There are replicas around the world, but if you want to get specific about it, for something to weigh 1 kilogram, it has to weigh exactly the same amount as that one piece of metal in Paris.
And the IPK isn't even constant. Despite how well-guarded it is, it's subject to lose or gain atoms over time - just like any physical object - and the IPK seems to have become slightly heavier over the years due to surface contamination.
Researchers aren't too happy about that, because a lot of scientific assumptions are based on the mass of a kilo staying the same, and of the seven International System (SI) - or metric system - units currently in play, it's the only one that's still defined by a physical object.
But that's finally about to change, with the International Committee for Weight and Measurements proposing new formal definitions for the SI base units, which are scheduled to be rolled out at the 26th General Conference on Weights and Measures towards the end of 2018.
The last major overhaul of the metric system was in 1960, so it's been a long time coming.
As a refresher, the seven base units of measurement are:
- candela (the base unit of luminosity)
Every one of these except the kilogram is already defined by a natural phenomenon (the metre was the last to be defined a physical metre bar, which changed in 1960) but four units will be getting an upgrade, and the other three will be tweaked under the new proposal.
Most dramatically, the kilogram will no longer be defined by the IPK.
The hold up has been that, in order for researchers to formally redefine the kilo, they had to agree on the value of something called Planck's constant, which relates to a particle's energy compared to its frequency.
And it's been surprisingly hard to measure - scientists have been trying to come up with a value for the natural constant since the 1970s.
But in 2014, researchers finally reached an agreement on the value of Planck's constant (although scientists have until July next year to overthrow that value), which means we can hopefully get rid of the IPK for good come 2018.
The other overhauls are to the ampere, kelvin, and mole.
The definition of the ampere - the unit used to measure electrical current - is currently defined in a pretty impractical way.
An ampere is the current that, when flowing through two infinitely long, infinitely thin wires that are placed exactly 1 metre apart, would produce a certain amount of force.
But infinitely long and thin wires are impossible to produce, so no one can actually test precisely what that value should be.
Under the new proposal, an ampere will basically be defined based on the electrical charge of the electron and the proton - something that scientists will actually be able to measure.
The kelvin and mole will also be redefined by linking them to the exact values of the Boltzmann constant and the Avogadro constant, respectively. Right now, the Kelvin is defined as the triple point of water - the obscure point where water coexists as a liquid, gas, and solid.
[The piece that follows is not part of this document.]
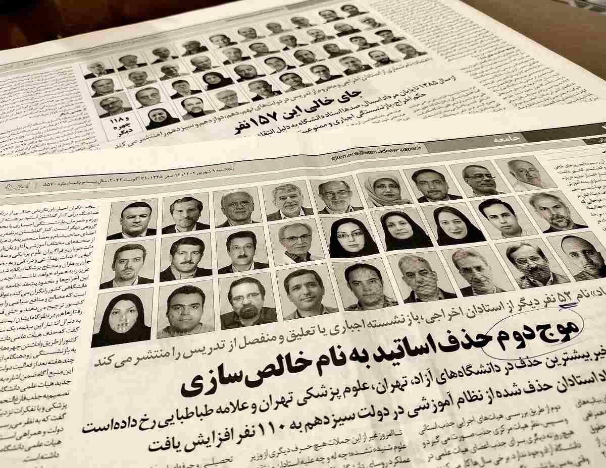 Copies of August issues of the Etemad newspaper with photos of professors who were dismissed from their posts.
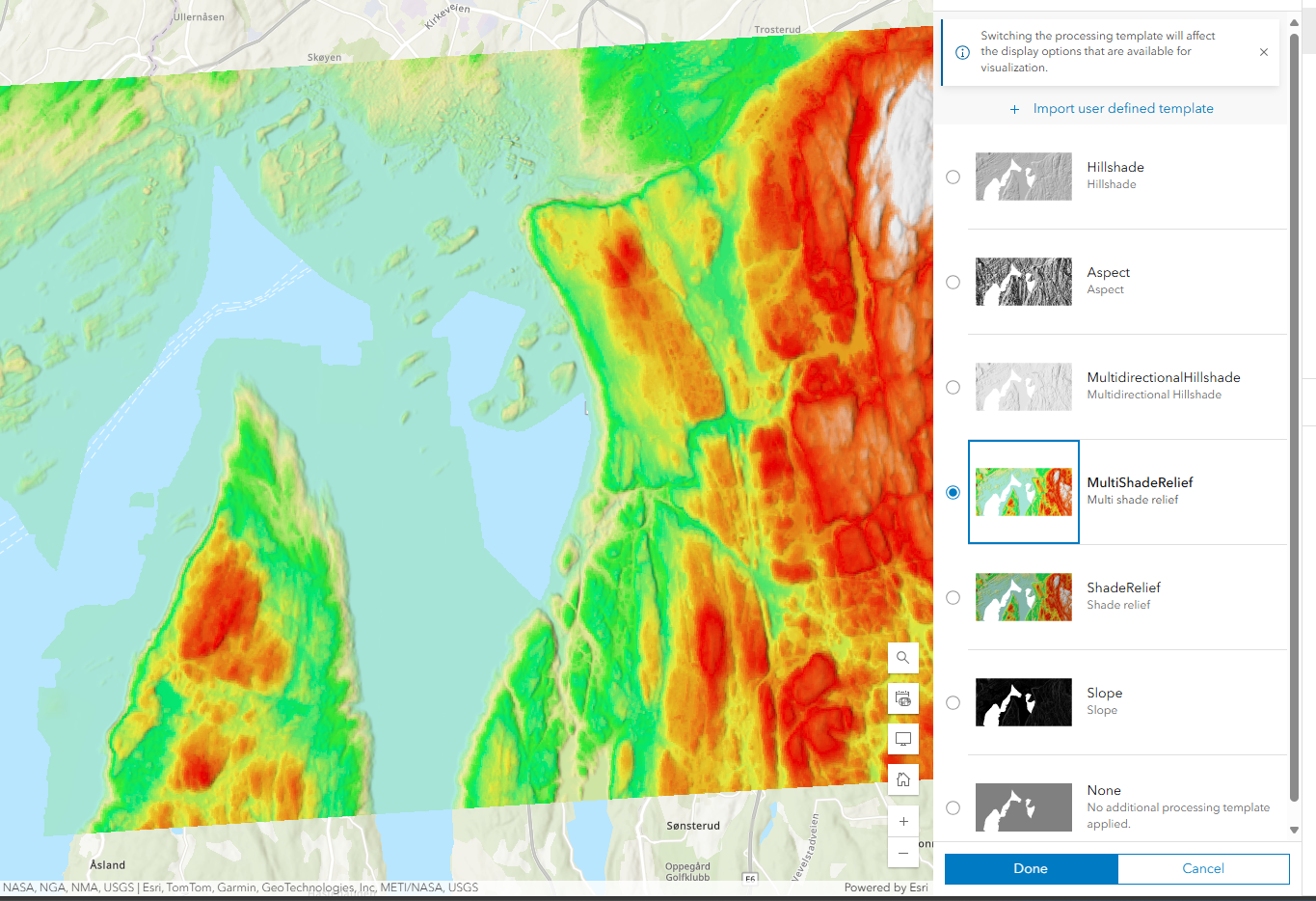 - Hillshade, Slope, Aspect, MultidirectionalHillshace, MultiShadeRelief, ShadeRelief (see illustration below)

You can see the proposed changes, with the old system on the left, and the new proposal on the right:
In the image above, C is the speed of light (which will define a metre, ∆νCs is the tick of a caesium atom clock (which defines a second), h is the Planck constant (which will define a kilogram), NA is the Avogadro constant (which will define a mole), Kcd is luminous efficacy (which will define a candela), kB is the Boltzmann constant (which defines a kelvin), and e is the elementary charge (which defines an ampere).
So what does all of this mean for us? To be honest, not much. We're talking about tiny, tiny changes to the definitions of these values, so, don't worry, you're not going to suddenly start weighing more or less overnight come 2018.
But for scientists, it's a pretty huge deal - and has been called a "once in a lifetime event".
"There's this hairline crack in the foundation, and you cannot build your building of physics on that foundation," Stephan Schlamminger of the US National Institute of Standards and Technology, told Emily Conover from Science News.
Basically we'll now be able to do better science, seeing as our units of measurement will be based on the latest and best research.
"The new units will be based on the modern understanding of physics, including the laws of quantum mechanics and Einstein's theory of special relativity," said Conover.
Once we have this change, it should be a while before we need to redefine the values again.
In fact, the only thing that can threaten the new metric system definitions is if we suddenly discover that the constants of nature - such as the speed of light and Planck's constant - actually vary slightly throughout the Universe.
Which, we don't want to freak you out, but a 2011 study hinted at.
Still, for now, the fundamental forces within the Universe are constant and unchanging.
And until researchers can prove otherwise, they're still the best and most reliable thing we have to define our units of measurement around - much more reliable than a slab of metal in a French vault.
Bring on 2018.